In your copy, repeat the records exactly and leave out the pictures.

(Dataset entries)
========

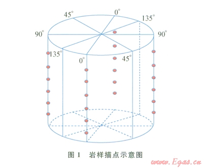 選取渝東南下志留統(tǒng)龍馬溪組露頭巖樣,通過巖樣軸心逆時針作0°,45°,90°,l35°共4條過原點的直線,并延長至徑向,再根據(jù)巖樣的長度在軸向做間隔相等的5~10個點(圖1)。接下來,用縱波探頭測量巖樣各點的縱波時差。最后,選擇徑向縱波時差相差不大的大巖樣(可近似為橫向各向同性的模型)作為研究取心對象。
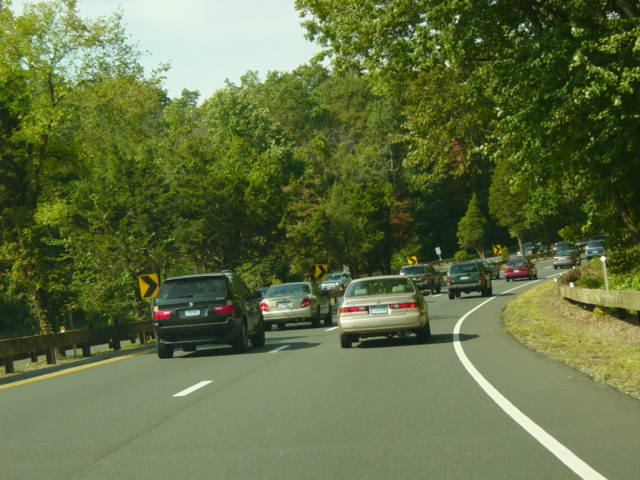 There is a long, curvy stretch with no exits between exit 28 and exit 27 in Greenwich.
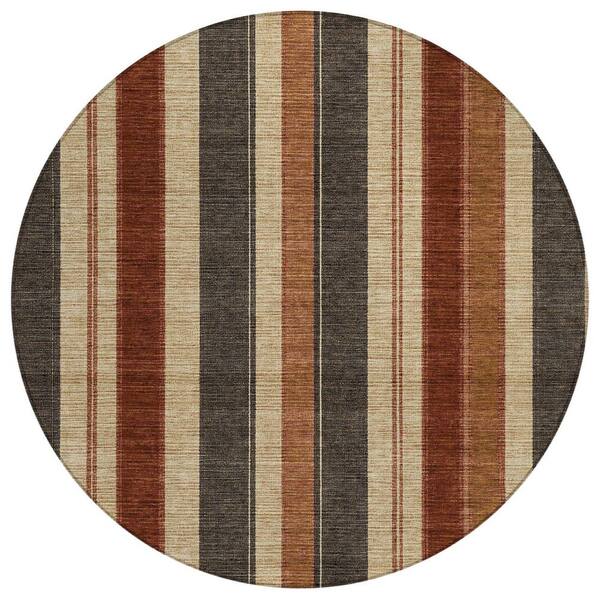 Chantille Machine Washable Indoor/Outdoor Abstract ACN1954 Chocolate 8 ft. x 8 ft. Round Rug
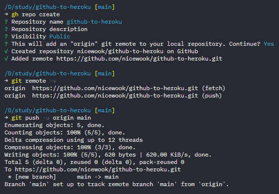 생성된 GitHub Repo: https://github.com/nicewook/github-to-heroku
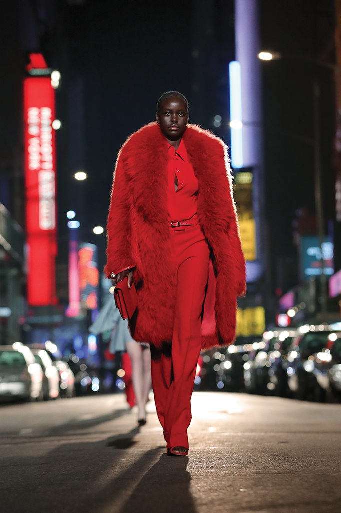 “For my 40th anniversary collection, I was really thinking about the joy in getting dressed up and stepping out for a night on the town,” says Michael Kors. “Whether you’re going to the office, having a casual dinner in the neighborhood or are in fact ready to go to a party again, this collection is all about making every moment a special occasion and feeling confident, glamorous and upbeat. There’s a sense of timelessness and big-city optimism that has been a linchpin of Michael Kors since the very beginning—a yin-andyang balance between opulence and simplicity, something that’s laid-back and at the same time luxurious.”
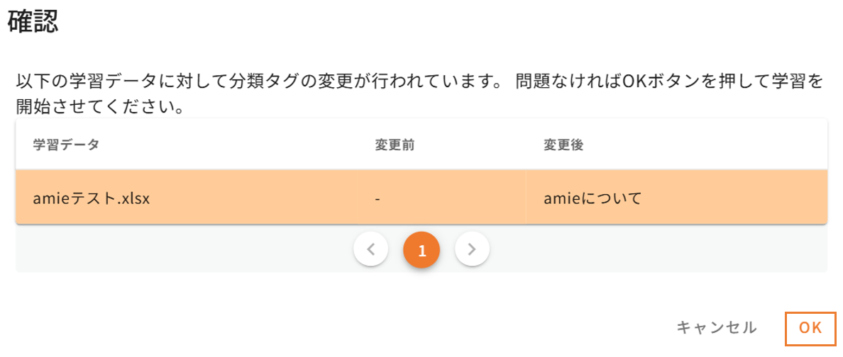 - 「確認」画面が表示されますので、変更内容を確認し「OK」をクリックすると、学習が開始します。
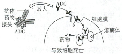 D.ADC 在肿瘤细胞里被溶酶体裂解,释放药物,使肿瘤细胞死亡
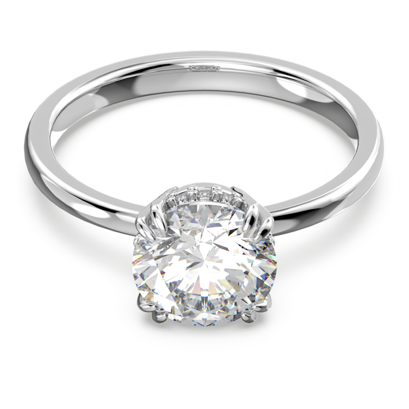 Anello cocktail Stilla, Taglio Round, Bianco, Placcato rodio
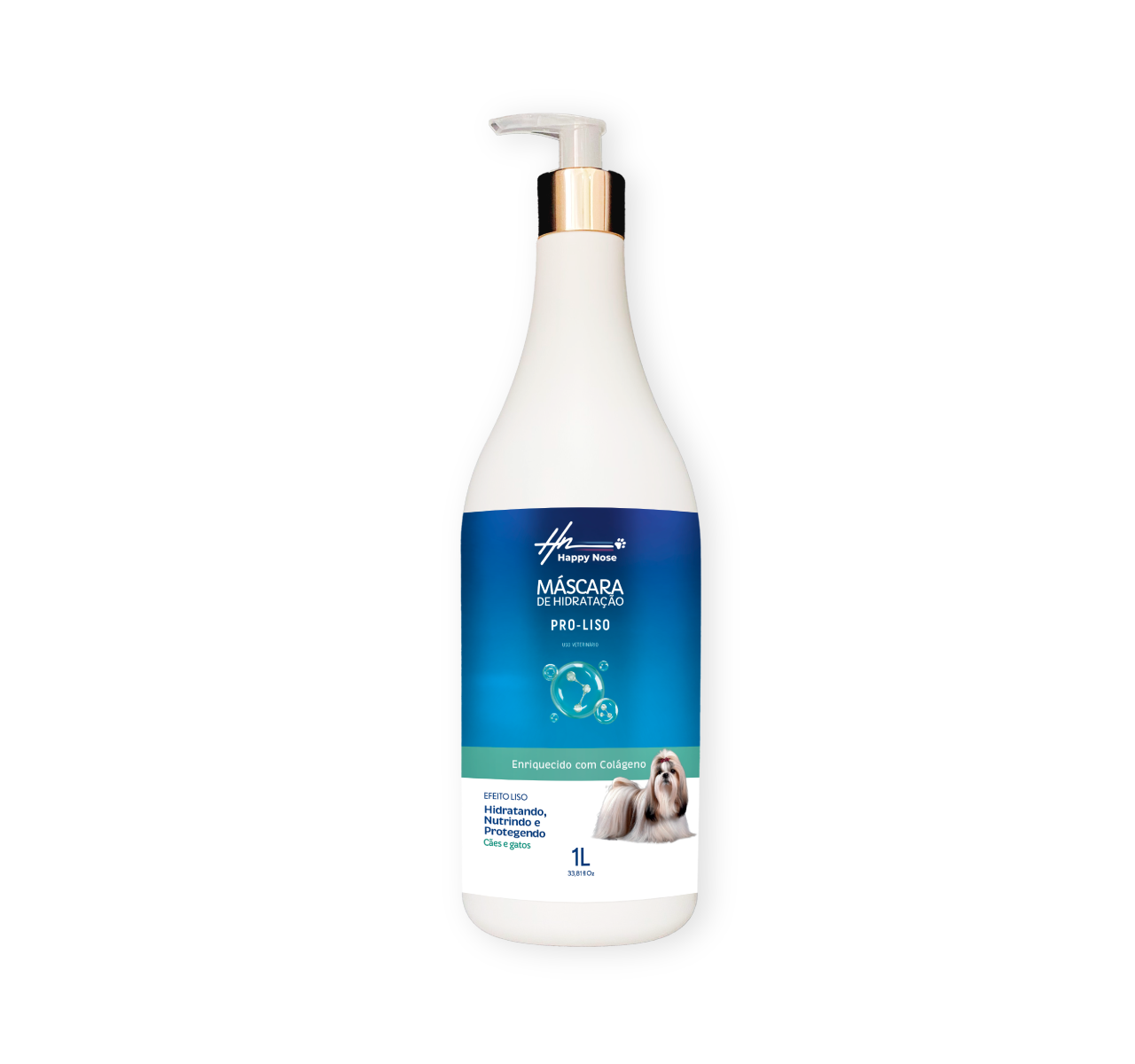 Máscara Pro Liso Happy Nose Linha Premium. Confere ao fio realinhamento e lubrificação. Diminui a estática reduzindo o frizz e melhora a penteabilidade do fio seco ou úmido. Promove brilho e maciez reduzindo o tempo de secagem. Com Blend que confere hidratação e mantém a pelagem com efeito liso. Rico em polímero de algas, Poliquatérnio e silicone. Age neutralizando a carga eletrostática, condicionando e reduzindo o volume. Formação de filme hidratante, protetor, permeável. Não mascara o fio.

========

• Answer space:
 選取渝東南下志留統(tǒng)龍馬溪組露頭巖樣,通過巖樣軸心逆時針作0°,45°,90°,l35°共4條過原點的直線,并延長至徑向,再根據(jù)巖樣的長度在軸向做間隔相等的5~10個點(圖1)。接下來,用縱波探頭測量巖樣各點的縱波時差。最后,選擇徑向縱波時差相差不大的大巖樣(可近似為橫向各向同性的模型)作為研究取心對象。
 There is a long, curvy stretch with no exits between exit 28 and exit 27 in Greenwich.
 Chantille Machine Washable Indoor/Outdoor Abstract ACN1954 Chocolate 8 ft. x 8 ft. Round Rug
 생성된 GitHub Repo: https://github.com/nicewook/github-to-heroku
 “For my 40th anniversary collection, I was really thinking about the joy in getting dressed up and stepping out for a night on the town,” says Michael Kors. “Whether you’re going to the office, having a casual dinner in the neighborhood or are in fact ready to go to a party again, this collection is all about making every moment a special occasion and feeling confident, glamorous and upbeat. There’s a sense of timelessness and big-city optimism that has been a linchpin of Michael Kors since the very beginning—a yin-andyang balance between opulence and simplicity, something that’s laid-back and at the same time luxurious.”
 - 「確認」画面が表示されますので、変更内容を確認し「OK」をクリックすると、学習が開始します。
 D.ADC 在肿瘤细胞里被溶酶体裂解,释放药物,使肿瘤细胞死亡
 Anello cocktail Stilla, Taglio Round, Bianco, Placcato rodio
 Máscara Pro Liso Happy Nose Linha Premium. Confere ao fio realinhamento e lubrificação. Diminui a estática reduzindo o frizz e melhora a penteabilidade do fio seco ou úmido. Promove brilho e maciez reduzindo o tempo de secagem. Com Blend que confere hidratação e mantém a pelagem com efeito liso. Rico em polímero de algas, Poliquatérnio e silicone. Age neutralizando a carga eletrostática, condicionando e reduzindo o volume. Formação de filme hidratante, protetor, permeável. Não mascara o fio.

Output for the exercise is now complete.